▶ PROVIDED ENTRIES

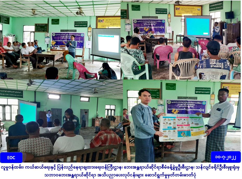 လူမှုဝန်ထမ်း၊ ကယ်ဆယ်ရေးနှင့်ပြန်လည်နေရာချထားရေးဝန်ကြီးဌာန၊ ဘေးအန္တရာယ်ဆိုင်ရာစီမံခန့်ခွဲမှုဦးစီးဌာန၊ သန်လျင်ခရိုင်ဦးစီးမှူးရုံးမှ တာဝန်ရှိသူများသည် (၁၀-၇-၂၀၂၂) ရက်နေ့ နံနက် (၁၀:၀၀) အချိန်မှ (၁၂:၀၀) အချိန်အထိ သန်လျင်ခရိုင်၊ ကျောက်တန်းမြို့နယ်၊ ခလောက် ဆွဲကျေးရွာအုပ်စု၊ မီးပြကျေးရွာ၊ ကျေးရွာအုပ်ချုပ်ရေးမှူးရုံးတွင် ကျေးရွာသူ/ရွာသားဦးရေ (၈၀) ဦးခန့်အား ဦးစီးဌာန၏လုပ်ငန်း တာဝန်များ၊ ဆောင်ရွက်ချက်များနှင့် သဘာဝဘေးအန္တရာယ်ဆိုင်ရာ အကြောင်း သိကောင်းစရာ များနှင့်ပတ်သက်၍ ဆွေးနွေးဟောပြောပြီး လက်ကမ်းစာစောင်များဖြန့်ဝေပေးခြင်းနှင့် ပိုစတာများအား ကျေးရွာ အုပ်ချုပ်ရေးမှူးထံသို့ပေးအပ်ခြင်းများ ဆောင်ရွက်ခဲ့ပါကြောင်း သတင်း ရရှိပါသည်။
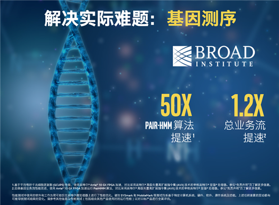英特爾還將FPGA技術加入基因測序的工作中,基于平均每秒千兆細胞更新數(GCUPS) 性能,使用英特爾FPGA 加速運行Pair-HMM 算法可使得總體基因業(yè)務流性能提升50倍,總業(yè)務流提升1.2倍。
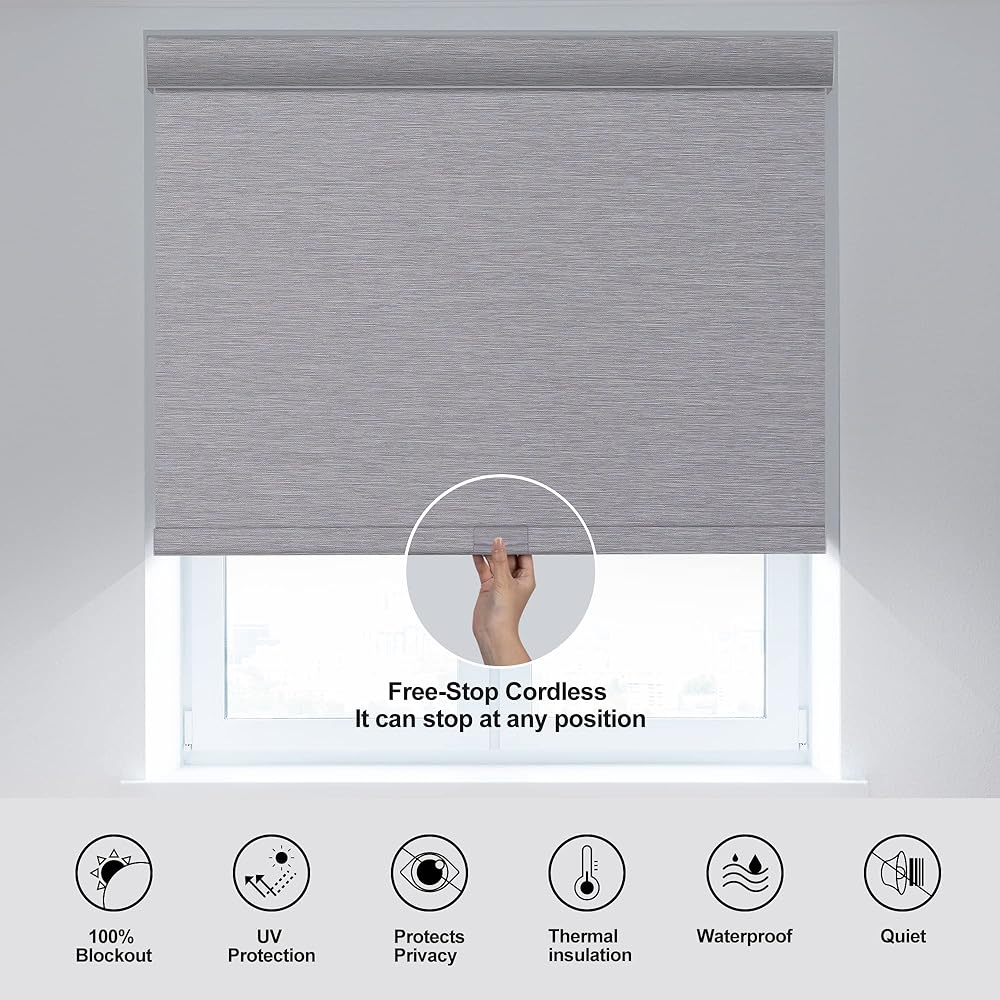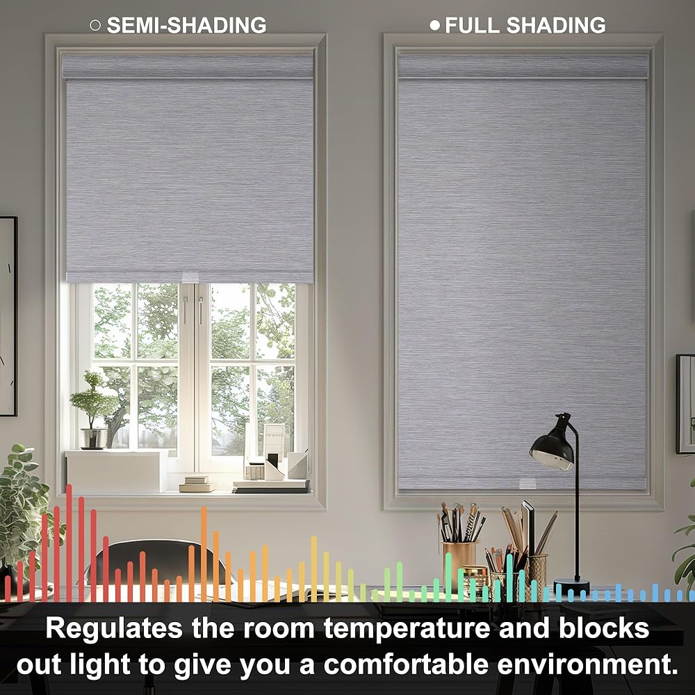 ستائر تعتيم دوارة للنوافذ، ستائر دوارة لاسلكية بدون توقف، ستائر نافذة جاكار مخططة لغرفة النوم، قماش معزول حراريًا (رمادي، عرض 35 بوصة × ارتفاع 72 بوصة)
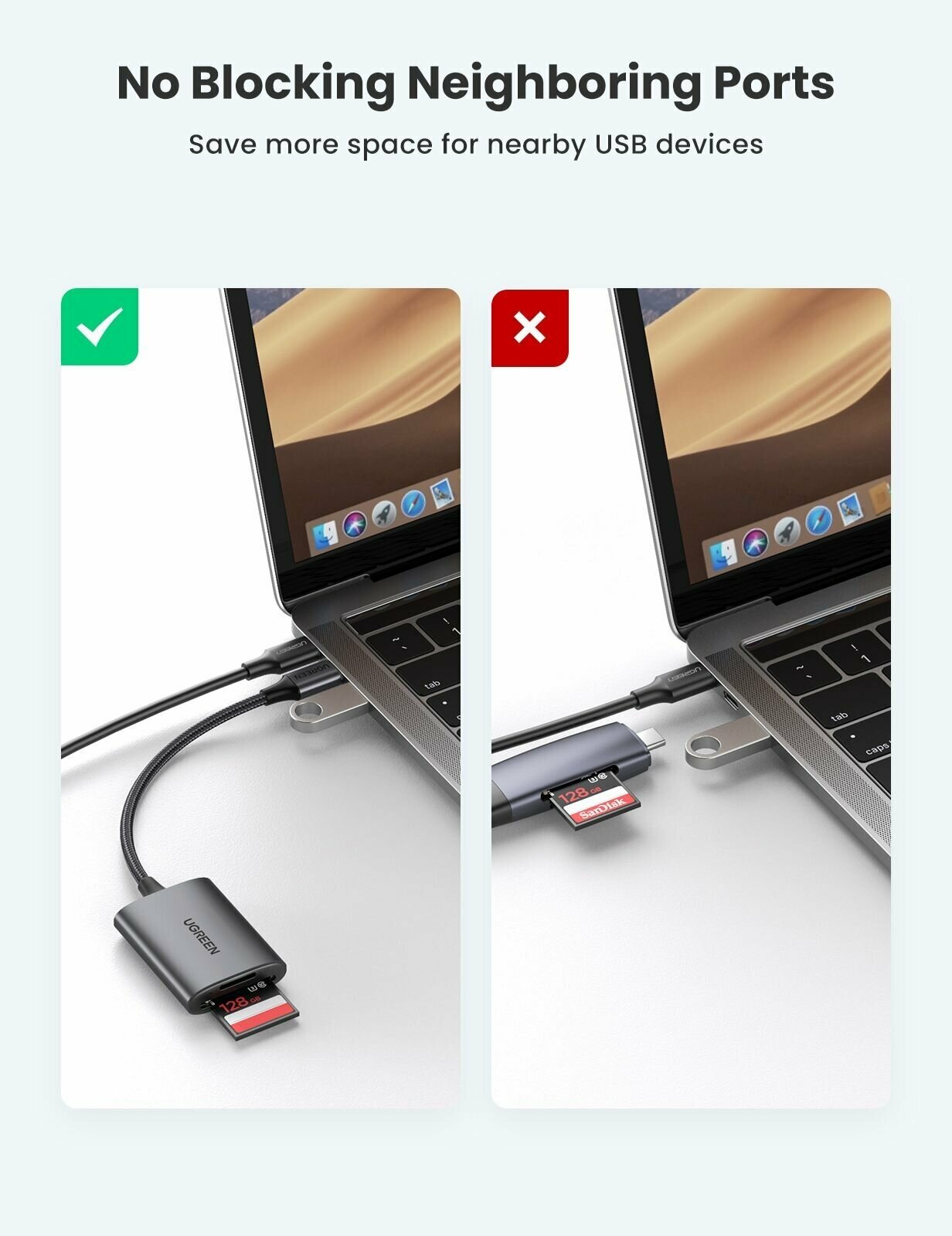 Кардридер UGREEN CM401 (80887) USB-A to SD/TF Memory Card Reader Alu Case. Цвет: серый интересное:
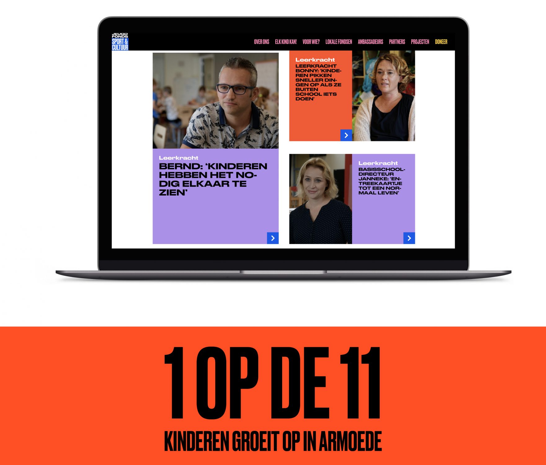 In elke klas zitten 2 à 3 kinderen bij wie thuis géén geld is om op voetbal te gaan. op dansles of judo. Jeugdfonds Sport & Cultuur vroeg ons een campagne te ontwikkelen om op basisscholen nieuwe intermediairs te werven. Intermediairs zijn onder andere leerkrachten, die aanvragen doen, zodat Jeugdfonds de contributie voor een kind kan betalen.
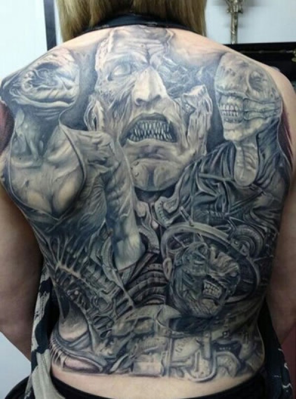 恐怖至极的后背恶魔纹身图案丧尸图案满背纹身_后背纹身图案大全_纹身图吧
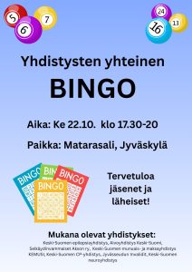 Yhdistysten yhteinen Bingo keskiviikkonaa 22.10.2025 17.30-20
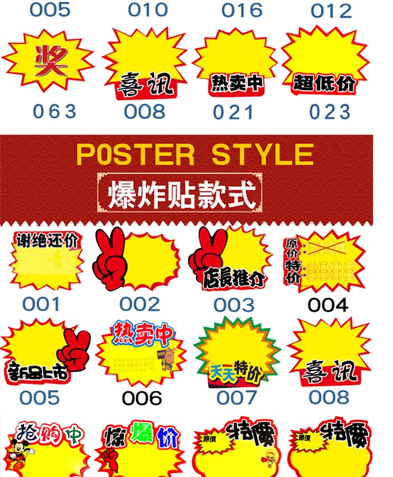 爆炸贴 超市价格标签中号 13*17CM(100张/包)
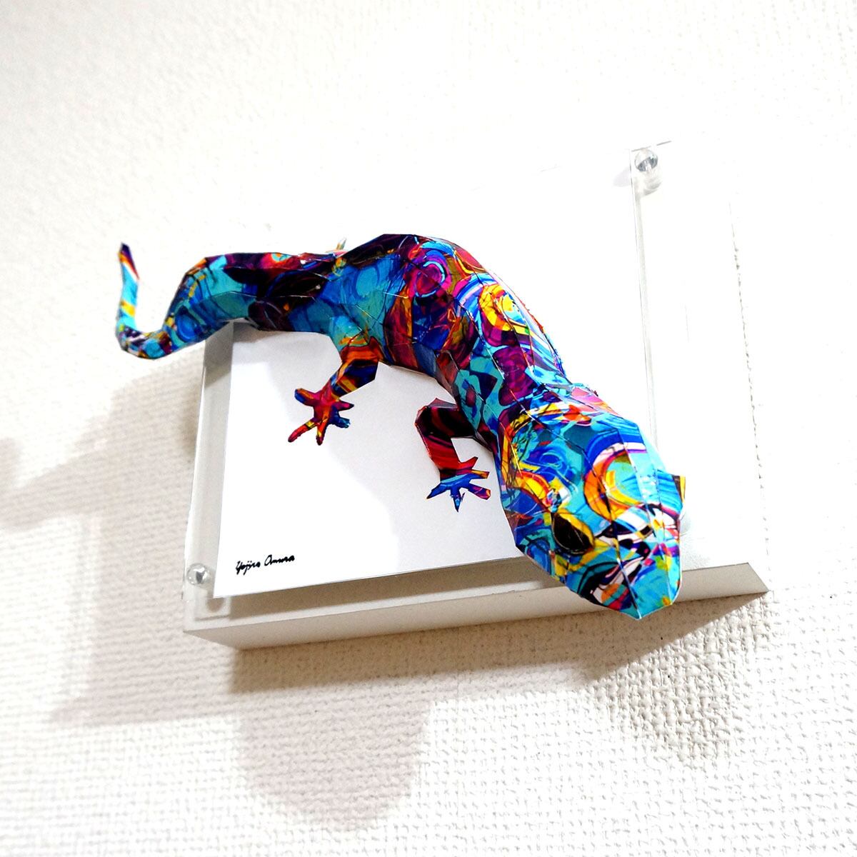 「こちらは写真を元にトカゲをペーパークラフト技術を用いて立体化した多面化写真彫刻作品です。
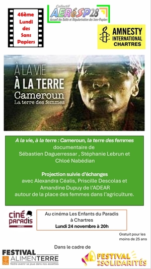 Projection du film documentaire À la vie, à la terre : Cameroun, la terre des femmes (Cinéma Les Enfants du Paradis, Chartres, à 20 heures. (…)
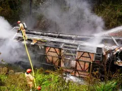 El siniestro ocurrió en la ruta 315, cerca de Cuenca. El vehículo se desbarrancó y fue consumido por las llamas. También hay 29 heridos, varios con lesiones de gravedad.
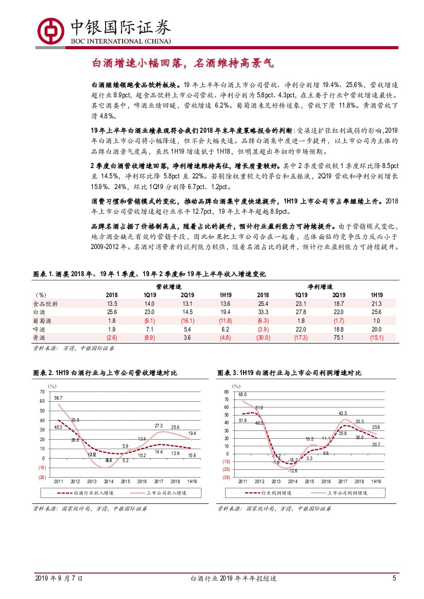 中银国际:白酒行业2019年半年报综述:增速小幅回落,名酒维持高景气.pdf

▶ WHAT TO WORK ON
Take the line containing "爆炸贴 超市价格标签中号 13*17CM(100张/包)" and every line after it through the end of the data, and write them out exactly, with no pictures.

▶ SOLUTION
 爆炸贴 超市价格标签中号 13*17CM(100张/包)
 「こちらは写真を元にトカゲをペーパークラフト技術を用いて立体化した多面化写真彫刻作品です。
 Projection du film documentaire À la vie, à la terre : Cameroun, la terre des femmes (Cinéma Les Enfants du Paradis, Chartres, à 20 heures. (…)
 El siniestro ocurrió en la ruta 315, cerca de Cuenca. El vehículo se desbarrancó y fue consumido por las llamas. También hay 29 heridos, varios con lesiones de gravedad.
 中银国际:白酒行业2019年半年报综述:增速小幅回落,名酒维持高景气.pdf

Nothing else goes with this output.